Стульев взглянул на мужчину, расправил листок и спросил:
— Давно из больницы?
Наверное, сила была в той сумрачной сосредоточенности, с которой Стульев это спросил. Человек вздрогнул и послушно вместе со стулом пересел к столу Родиона Алексеевича. Стульев назвал диагноз. Мужчина кивнул. Он как будто просыпался.
— Зачем пришел?
— Стихи, — забормотал мужчина.
— Ерунда, сам понимаешь, — сказал Родион Алексеевич. — Кем был до больницы?
— Летчиком.
— Что советуют врачи?
— Покой.
— Родственники в деревне есть? Уезжай из города. А в редакцию больше не ходи. Опять в больницу попадешь.
У Слатина не было вот этой решимости спросить и сказать прямо. Когда мужчина ушел, Стульев сказал:
— Меня один сумасшедший задушить хотел.
И приоткрылась еще одна бездна в жизни этого маленького человека. Где-то на Дальнем Востоке он заболел тифом, а потом с нервными осложнениями попал в психиатрическую лечебницу. В палате было несколько человек. Один из них сел на койку Родиона Алексеевича, долго смотрел ему в глаза и сказал:
— Ты шпион, я тебя задушу.
Стульев поманил его пальцем, тот нагнулся, и Родион Алексеевич, глядя ему в глаза, зашептал:
— Шпион скрывается. Не ешь из тарелки, когда принесут. У меня есть лакмусова бумага. Сунешь ее в суп. Если не посинеет, значит, суп не отравлен, — и показал кусок газеты.
— Я довольно быстро выздоровел, — сказал Родион Алексеевич. — Истощен я был, голоден, и врачи держали меня, пока можно было держать. Давали откормиться. А я им плакаты рисовал, карикатуры в стенную газету, стихотворные подписи.
И Слатин, который только что поражался силе духа и находчивости Стульева, подумал, что Родион Алексеевич привык защищаться своими способностями.

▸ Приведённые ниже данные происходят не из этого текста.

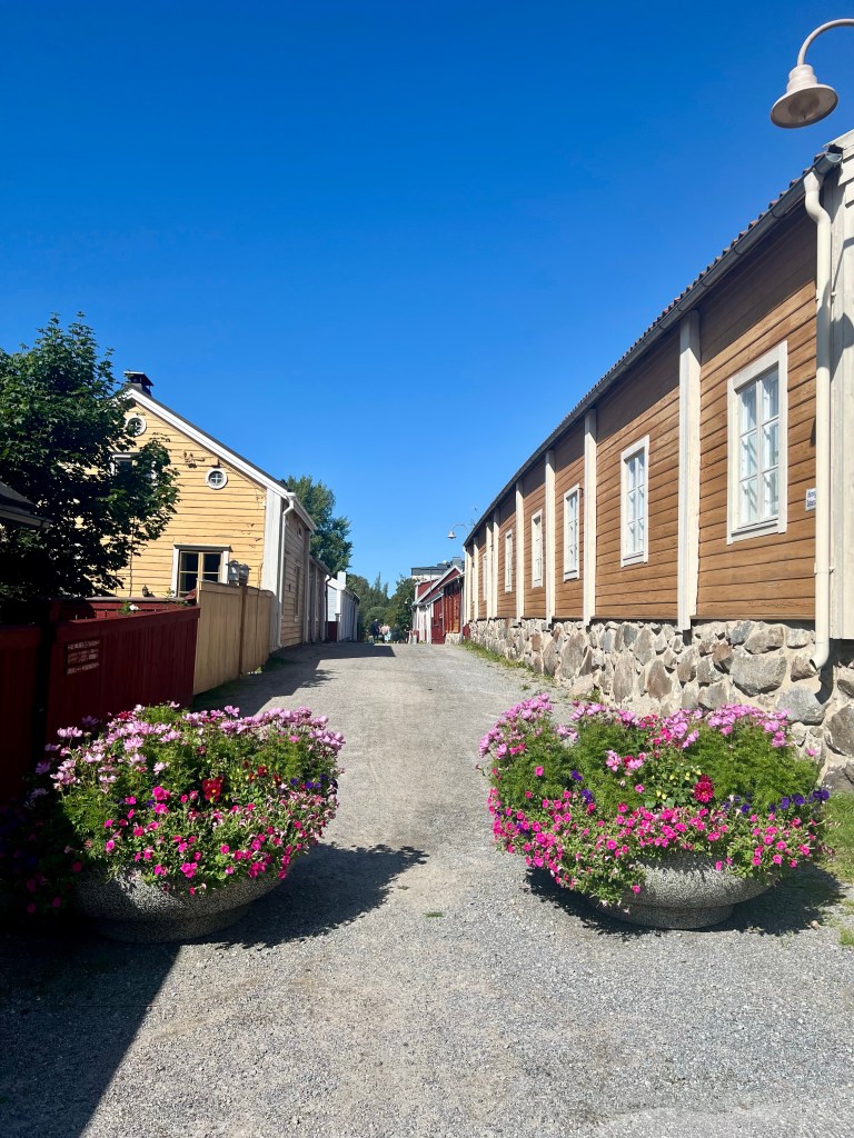 Vaasasta kurvaamme kohti Oulua Pietarsaaren kautta. Pietarsaaressa lounaspysähdys ja käydään tutulla kirpputorilla ja sen läheisyydessä käppäilemässä.

Домой Слатин обычно уходил со Стульевым. Стульев говорил:
— Я люблю приходить домой.
Он и в перерыве бегал обедать домой, а не спускался в пирожковую. По улице он шел с тем же выражением сосредоточенности и отрешенности на лице. Слатину он говорил:
— Мать жены три года с постели не вставала перед смертью, а я все равно любил домой приходить. Вначале она меня невзлюбила, просила Лину: «Прогони его!» А потом Лину прогоняла: «Уйди, ты не умеешь».
Иногда он сообщал:
— Работал до утра, писал «настоящую» пьесу.
— Устал?
— Мне было интересно. Я дома работаю. Я вообще люблю, когда много работы.
Слатин смотрел на неряшливо выбритого, уже седеющего Стульева и думал, что, может быть, и не нашел бы своего горения, не пришел бы к этому чувству, если бы начал работать в газете с другим напарником.
И когда редактор приходил в отдел к концу рабочего дня и спрашивал, куда они собираются, Слатин вслед за Стульевым смело отвечал:
— Домой, Петр Яковлевич. Дома я работаю.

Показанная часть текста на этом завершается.